_What is required_. Please copy out the entries exactly, skipping any pictures.
=-=-=-=-=
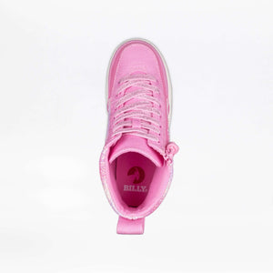 Featuring a mix of soft pink canvas and iridescent glitter, these shoes are designed to catch the light and your eye. The ombre color fade adds a stylish gradient effect, perfectly complementing the glitzy shine. Built around our original Classic Lace silhouette, the Pink Glitz BILLY Classic Lace High Tops offer a timeless fit and feel with adjustable laces for a secure, personalized fit.
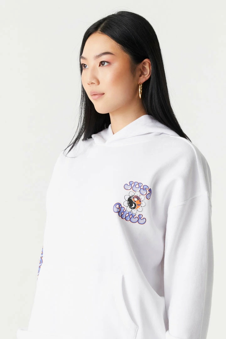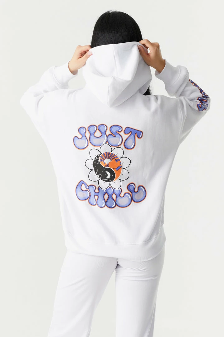 Chill out and relax knowing this hoodie has got your back. This hoodie features ribbed knit cuffs and hem, just chill front, back and arm graphics, popover fit and kangaroo front pocket. Size runs small.
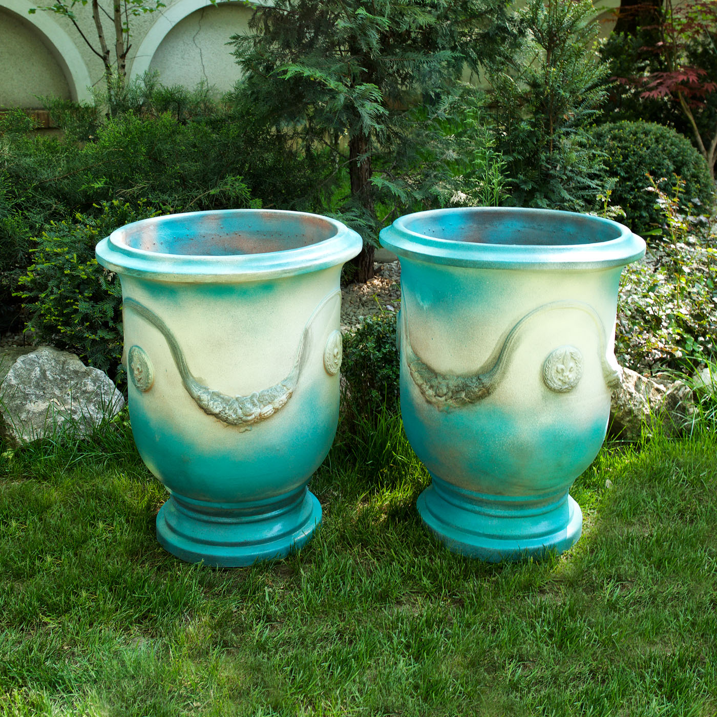 45. Monumentală pereche de vase decorate cu medalioane încadrând fleur-de-lis și ghirlande vegetal-florale
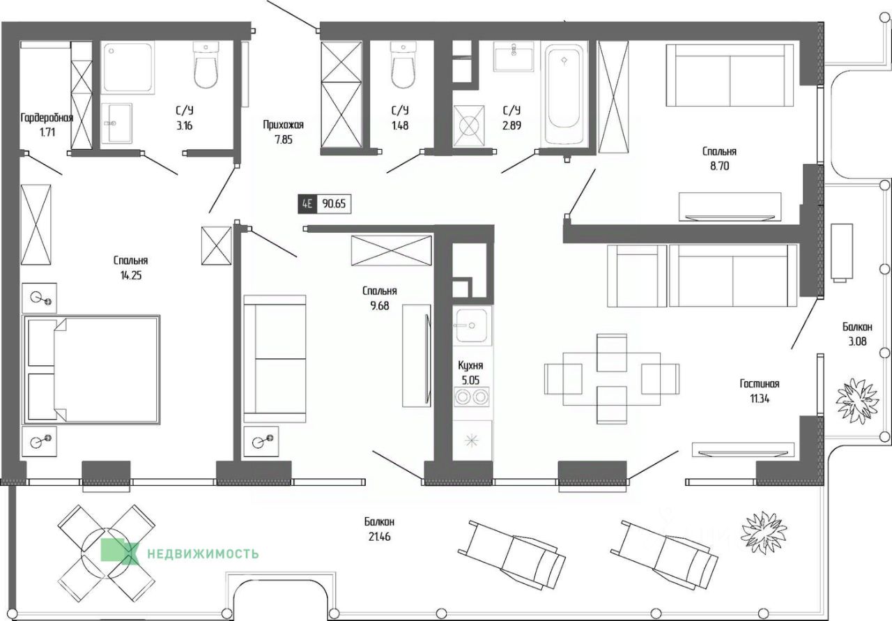 Общая площадь90,65 м²
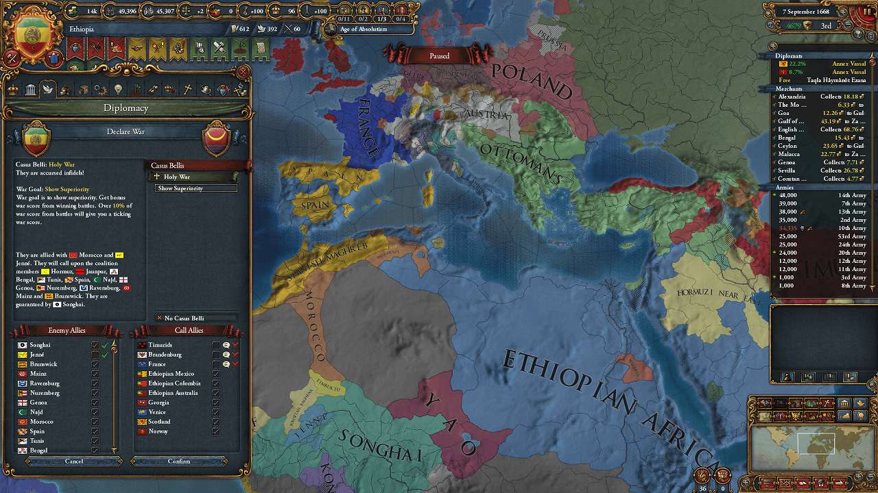 Jolofに宣戦→Moroccoを釣り出して属国化→SpainにMoroccoのコアを返還させる
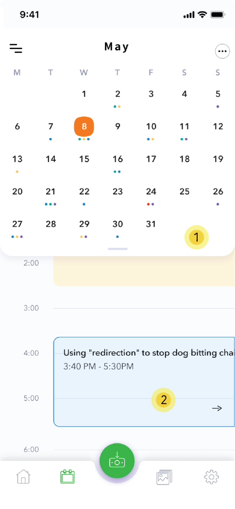 Calendar allows users to browse saved video clips more quickly. Use dots of different colors to remind users of the category of video clips.
=-=-=-=-=
_Answer space_.
 Featuring a mix of soft pink canvas and iridescent glitter, these shoes are designed to catch the light and your eye. The ombre color fade adds a stylish gradient effect, perfectly complementing the glitzy shine. Built around our original Classic Lace silhouette, the Pink Glitz BILLY Classic Lace High Tops offer a timeless fit and feel with adjustable laces for a secure, personalized fit.
 Chill out and relax knowing this hoodie has got your back. This hoodie features ribbed knit cuffs and hem, just chill front, back and arm graphics, popover fit and kangaroo front pocket. Size runs small.
 45. Monumentală pereche de vase decorate cu medalioane încadrând fleur-de-lis și ghirlande vegetal-florale
 Общая площадь90,65 м²
 Jolofに宣戦→Moroccoを釣り出して属国化→SpainにMoroccoのコアを返還させる
 Calendar allows users to browse saved video clips more quickly. Use dots of different colors to remind users of the category of video clips.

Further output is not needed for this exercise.